Our Roots
In 2024, the National Energy Research Scientific Computing Center (NERSC) celebrates 50 years of accelerating scientific discovery for the DOE Office of Science (SC).
Launched in 1974 as a computing resource for fusion energy research at Lawrence Livermore National Laboratory, NERSC quickly expanded its role to include users from all SC program offices.
In 1996, the center moved to Lawrence Berkeley National Laboratory.
Today, its almost 10,000 users make NERSC one of the most scientifically productive high performance computing (HPC) centers in the world: NERSC users produce an average of 2,500 referred publications annually. In addition, over the years, the center has been associated with six Nobel Prize-winning scientists or their teams.
NERSC places a premium on delivering cutting-edge technology at scale and making it highly usable and productive as the mission HPC center for the DOE Office of Science. As a unique resource, the center has been a leader in fielding next-generation supercomputing systems like the Cray T3E-900, the IBM SP POWER 3, IBM POWER 5+, and the Cray XT4. NERSC’s recent supercomputers were the first of their kind: Edison, a Cray XC30, included the first two cabinets of its line developed by Cray and DARPA; and Cori, a Cray XC40, is the first and largest system with Intel Xeon Phi “Knights Landing” processors, debuting as the 5th most powerful supercomputer in the world in 2016. In addition to its computing capabilities, Cori was the first large system to deploy an all-FLASH “burst buffer” that provided a world-best 1.7 TB/sec file system bandwidth when it was introduced. Perlmutter, a Cray Shasta system featuring both CPU and GPU/CPU nodes, was installed in two phases starting in 2020 when it debuted as No. 5 in the Top500 list of the world's fastest supercomputers.
NERSC is also a large-scale data analysis and storage center: there is a net data flow into the center. Its tape archive, currently based on the High Performance Storage System (HPSS) technology, holds 200 PBs of data, some of which dates back to the first days of the center in the 1980s. NERSC is also unique among DOE National Laboratory computing centers in that it has never deleted scientific data from its archive. The center currently hosts datasets of more than 5PB each in climate science, genomics, nuclear physics, and from light source facilities, cosmic microwave background studies, and several neutrino and high-energy physics experiments. To help scientists address their growing data needs, NERSC created a Data Department in 2015 and has developed a vigorous program supporting deep learning for science. The center maintains state-of-the-art external networking capabilities – provided by ESnet – to help scientists move data to the center for analysis and archiving. NERSC has a long history of supporting data-driven science; many high-energy and nuclear physics teams have used NERSC data systems and the PDSF cluster and for their analyses. NERSC also maintains a close collaboration with DOE’s Joint Genome Institute, which conducts high-throughput DNA sequencing, synthesis, and analysis in support of BER’s bioenergy and environmental missions.

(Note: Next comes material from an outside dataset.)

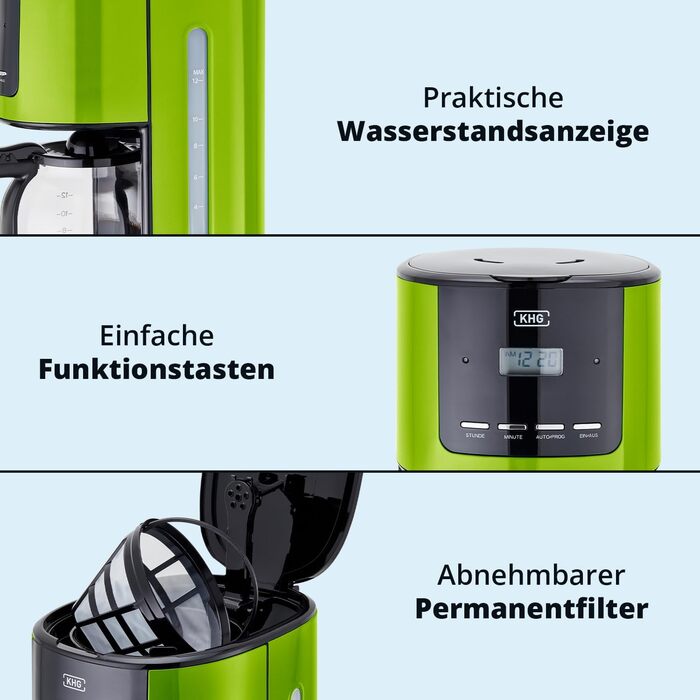 Кофеварка в наборе Green KHG позволяет приготовить кофе на ваш вкус. Благодаря мощности 700 Вт, кофеварка быстро и равномерно нагревает воду, обеспечивая насыщенный и ароматный кофе.

To ensure that scientists, whose expertise in HPC ranges from world-class to first-year graduate students, are as productive as possible, NERSC puts a lot of effort into creating systems that are highly available while offering expert consulting and performance optimization support from a team largely drawn from the scientific community itself. Among its innovations were using web technologies to expose job-level detail to users in the early 2000s, pioneering science gateways, developing the “Shifter” container technology for HPC, and recently enabling machine learning, data analytics software, and workflow frameworks at scale.
In 1978 NERSC developed CTSS, the Cray Time Sharing System, to allow a remote user interface to its Cray 1 supercomputer. The center was the first to checkpoint a full distributed-memory supercomputer (its Cray T3E) in 1997, and it launched the DOE INCITE program in 2003.